## Description of the task
Copy the data that follows exactly. Include no pictures.

## Supplied data

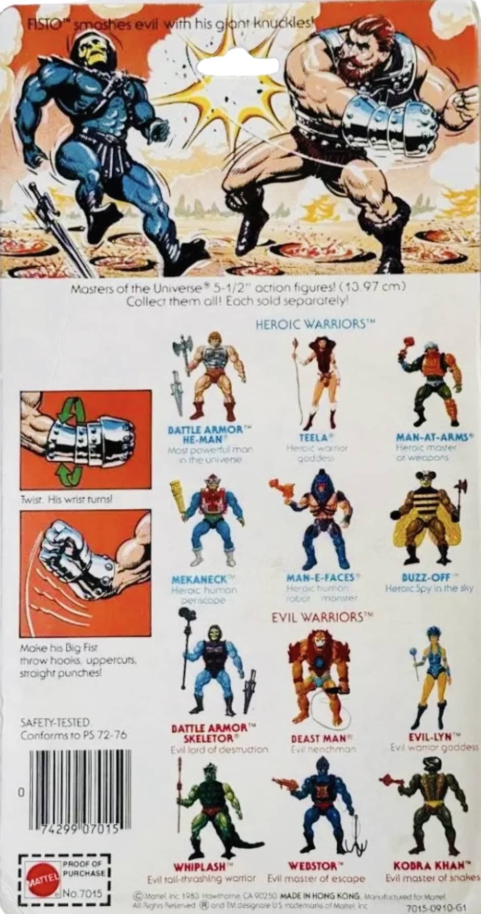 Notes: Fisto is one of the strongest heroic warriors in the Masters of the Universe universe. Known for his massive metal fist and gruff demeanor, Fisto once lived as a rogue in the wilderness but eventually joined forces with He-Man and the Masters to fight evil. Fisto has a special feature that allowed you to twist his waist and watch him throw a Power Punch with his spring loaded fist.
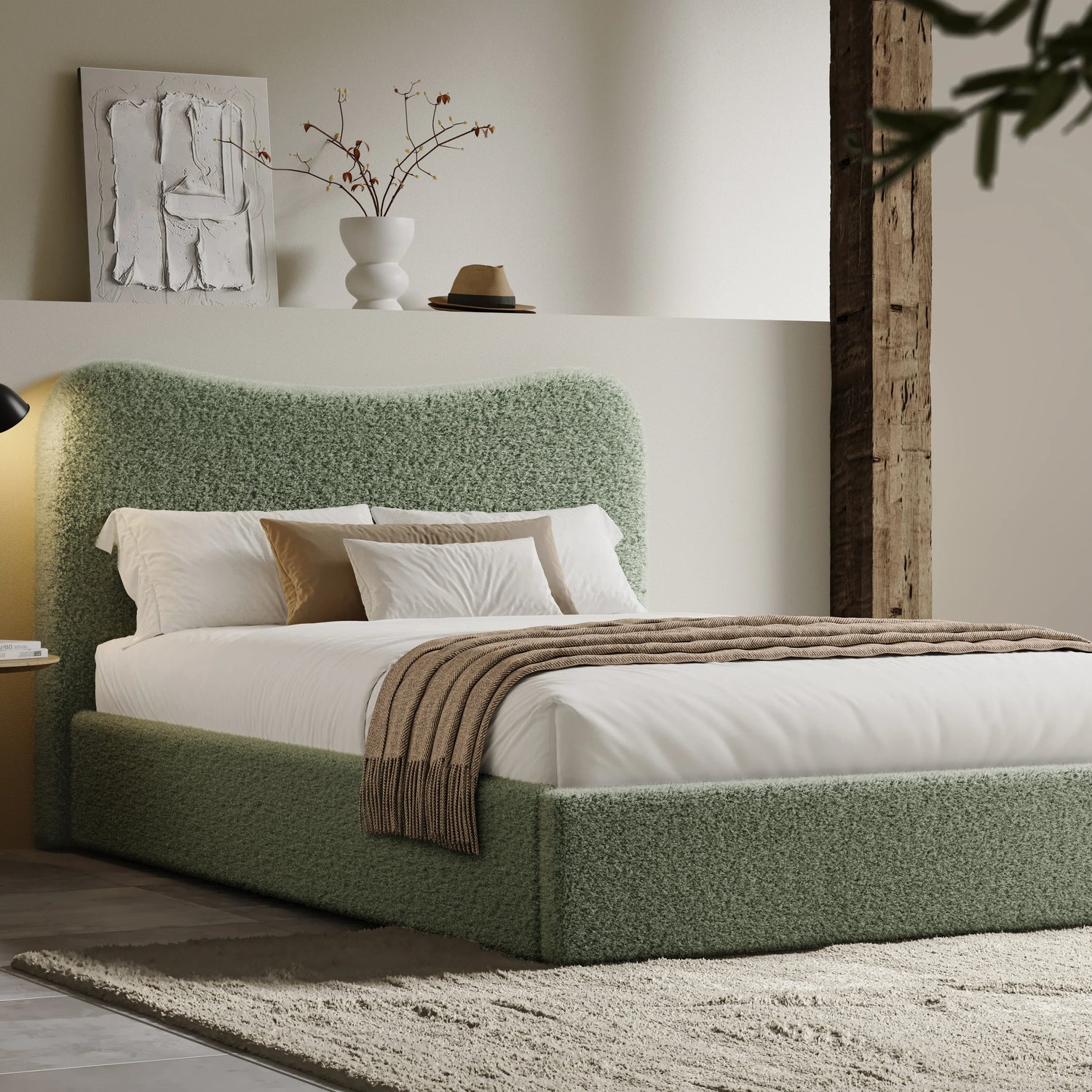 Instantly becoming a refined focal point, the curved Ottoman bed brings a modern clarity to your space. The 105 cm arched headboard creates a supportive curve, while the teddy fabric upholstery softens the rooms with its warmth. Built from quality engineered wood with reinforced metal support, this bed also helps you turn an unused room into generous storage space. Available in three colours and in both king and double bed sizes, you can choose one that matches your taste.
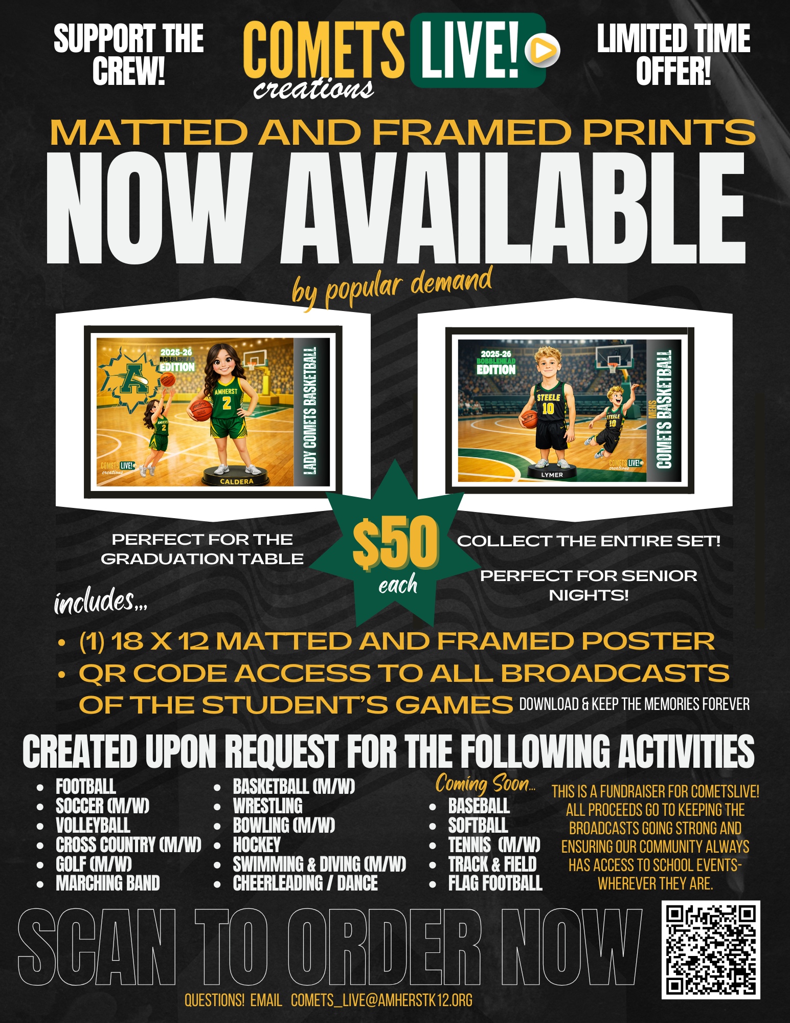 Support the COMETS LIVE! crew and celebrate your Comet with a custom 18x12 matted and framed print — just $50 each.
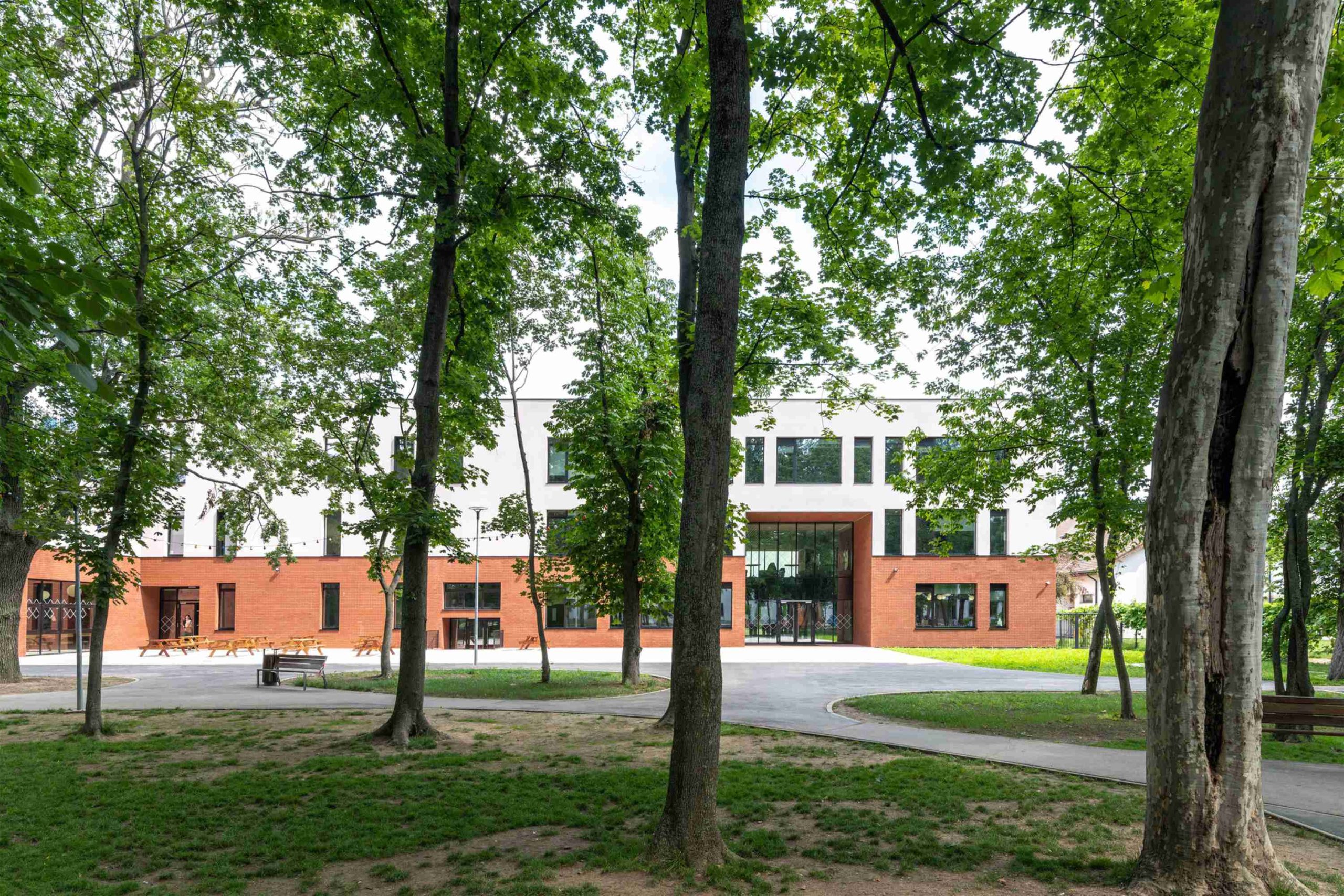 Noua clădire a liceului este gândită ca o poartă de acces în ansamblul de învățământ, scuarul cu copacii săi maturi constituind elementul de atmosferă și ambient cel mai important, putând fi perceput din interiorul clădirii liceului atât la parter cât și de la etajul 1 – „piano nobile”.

## Exercise response
 Notes: Fisto is one of the strongest heroic warriors in the Masters of the Universe universe. Known for his massive metal fist and gruff demeanor, Fisto once lived as a rogue in the wilderness but eventually joined forces with He-Man and the Masters to fight evil. Fisto has a special feature that allowed you to twist his waist and watch him throw a Power Punch with his spring loaded fist.
 Instantly becoming a refined focal point, the curved Ottoman bed brings a modern clarity to your space. The 105 cm arched headboard creates a supportive curve, while the teddy fabric upholstery softens the rooms with its warmth. Built from quality engineered wood with reinforced metal support, this bed also helps you turn an unused room into generous storage space. Available in three colours and in both king and double bed sizes, you can choose one that matches your taste.
 Support the COMETS LIVE! crew and celebrate your Comet with a custom 18x12 matted and framed print — just $50 each.
 Noua clădire a liceului este gândită ca o poartă de acces în ansamblul de învățământ, scuarul cu copacii săi maturi constituind elementul de atmosferă și ambient cel mai important, putând fi perceput din interiorul clădirii liceului atât la parter cât și de la etajul 1 – „piano nobile”.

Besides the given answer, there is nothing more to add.